ShawnFjellstad said:


> i don't understand why people are so upset by the lack of a trem. this is a relatively cool looking, neck-through production seven-string. considering that the market for sevens is as small as it is, you should be grateful that this guitar even exists to begin with. i think your expectations are too high for production model guitars. if you want a guitar built exactly to your specs, get a custom.
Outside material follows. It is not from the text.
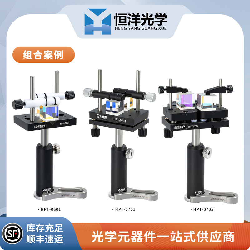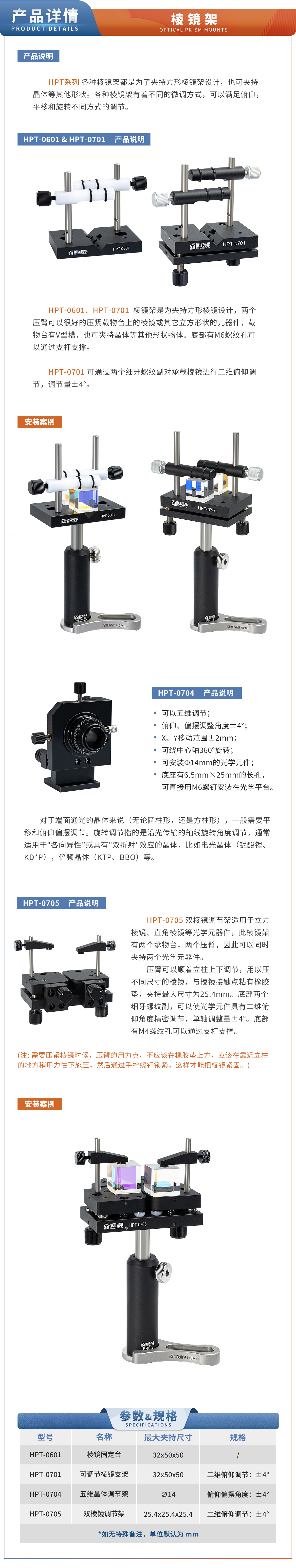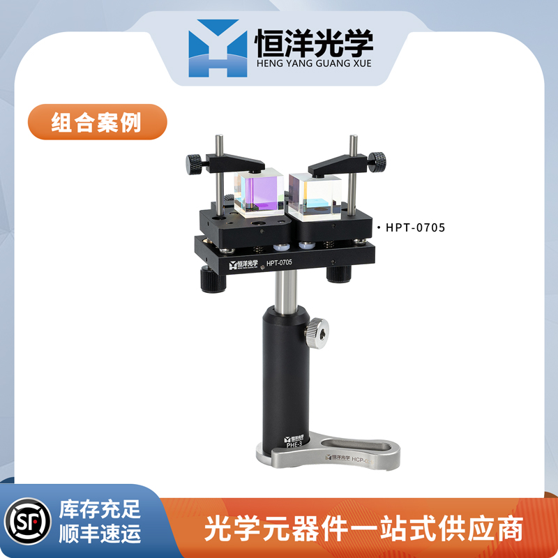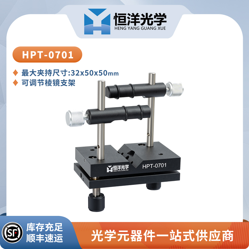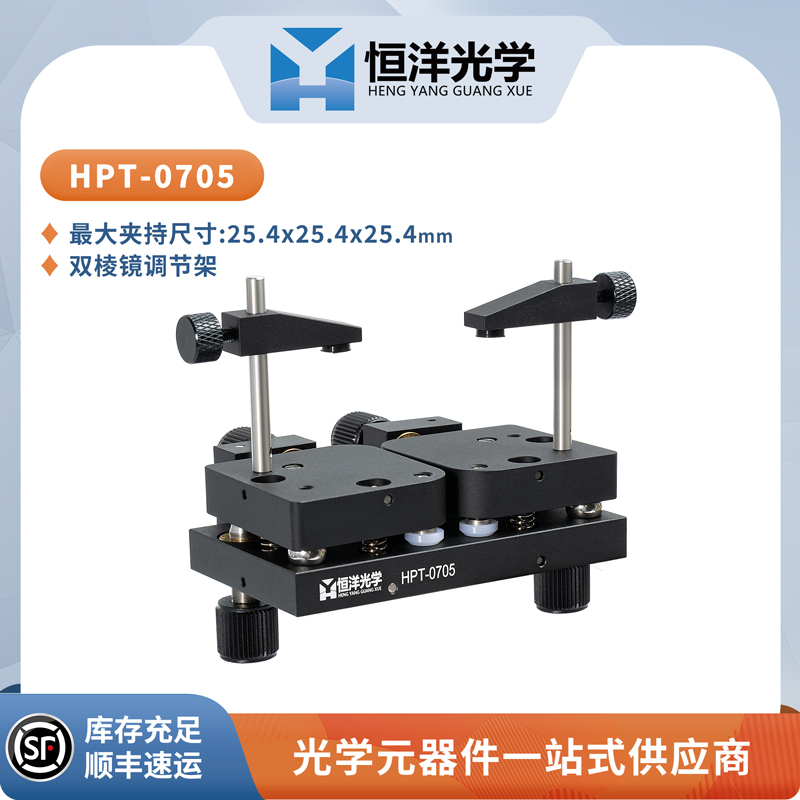 HPT-0705 双棱镜调节架适用于立方棱镜、直角棱镜等光学元器件,此棱镜架有两个承物台,两个压臂,因此可以同时夹持两个光学元器件。

Exactly. It seems this happens when ever ANY new guitar comes out.


----------



## technomancer (Dec 19, 2007)

ShawnFjellstad said:


> i don't understand why people are so upset by the lack of a trem. this is a relatively cool looking, neck-through production seven-string. considering that the market for sevens is as small as it is, you should be grateful that this guitar even exists to begin with. i think your expectations are too high for production model guitars. if you want a guitar built exactly to your specs, get a custom.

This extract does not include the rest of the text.